Avanti un altro. Dite la vostra, non abbiate timore alcuno. Se pensate che Lance Armstrong vi abbia apostrofato con un fischio denunciatelo anche per catcalling, se ritenete che la pandemia sia riconducibile al corridore texano non esitate a denunciare il fatto: non servono prove scientifiche, basta ed è più che sufficiente il vostro sentiment, che potrebbe diventare quello di tutti.
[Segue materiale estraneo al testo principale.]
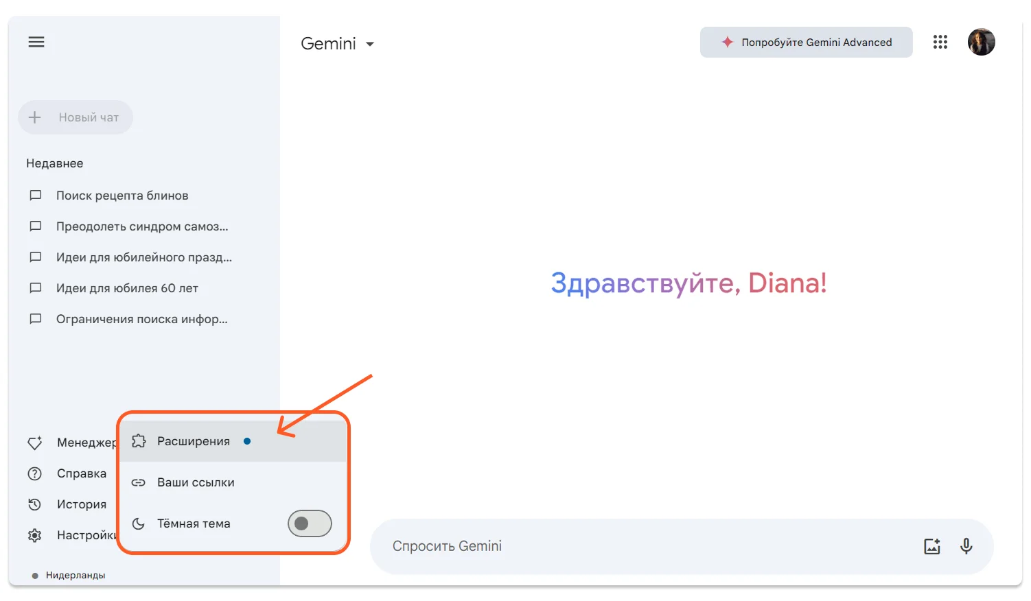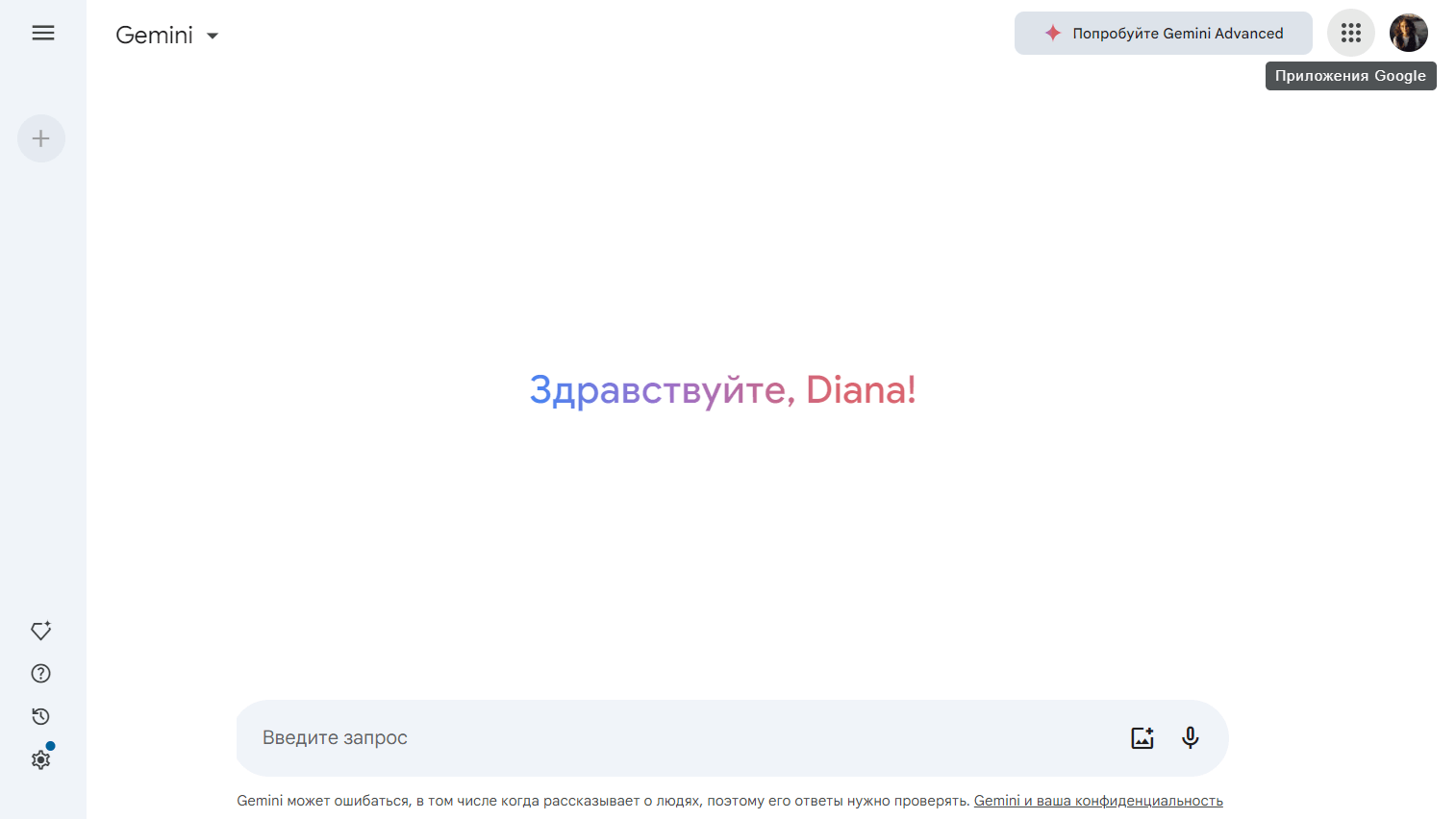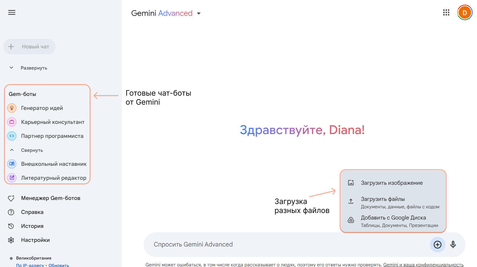 У Gemini Advanced есть пара дополнительных кнопок и разделов. Слева — быстрый доступ к ботам сервиса, а по кнопке «Загрузить файл» можно добавить изображение, файл или загрузить его с Google Диска.

Non abbiate timore, anche il surriscaldamento del pianeta probabilmente centra con quel bullo di corridore che ci ha preso per il naso per anni.
Orbene, che Lance Armstrong ci abbia preso per il naso non ci sono dubbi, io per primo ne ho sempre parlato con assoluto disprezzo, considerandolo il baro più baro di sempre nella storia dello sport, ma da qui a denunciarlo ad ogni piè sospinto di tutto (qualche giorno fa è tornato agli onori delle cronache a causa di suo figlio accusato di stupro), mi sembra oltremodo esagerato. Soprattutto a distanza di anni, quando ormai quello che il capo dell’Agenzia francese antidoping tra il 2006 e il 2015 Jean-Pierre Verdy va in giro dicendo non potrà mai essere provato. La sua parola contro quella di Armstrong. La sua parola contro quella di tutti, come se fossimo seduti al bar.
Cosa sostiene Jean-Pierre Verdy? Che colui che dice di aver vinto sette Tour de France, un sedicente campione, non solo avrebbe utilizzato l'EPO (certo, acclarato e ammesso dopo anni e davanti ad un giudice oltre che in un famoso confronto televisivo con l’icona della tivù americana Oprah Winfrey) ma anche un motorino nascosto nella bicicletta. Avrebbe fatto ricorso al doping tecnologico. Insomma, mentre gli altri pensavano di usare la Ferrari, lui era già su Tesla, verso Marte, però.
Le dichiarazioni arrivano da un'intervista a France TV, dove Verdy è stato ospite per presentare l’immancabile libro "Doping: my war against cheaters" (la mia guerra contro gli imbroglioni, ndr). «Ha ricevuto un trattamento speciale – ha spiegato Verdy -. Molti mi hanno detto che non avrei dovuto attaccare le leggende, che mi sarei ritrovato da solo. Credo che avesse un motore sulla bici. Ho ancora in testa le immagini di una tappa di montagna dove lasciò tutti indietro. Alla fine della tappa chiamai tutti gli specialisti che conosco e loro non riuscivano a capire come fosse possibile una prestazione del genere, anche con l’EPO. Qualcosa non andava e tutti gli specialisti mi hanno detto la stessa cosa. Tutte persone dell’ambiente, che conoscevano bene la gara. Non era l’EPO a fare la differenza… ». Ma non sarà neanche questa intervista a cambiare la storia di Lance Armstrong. Se Dio vuole, quella è già più che chiara così.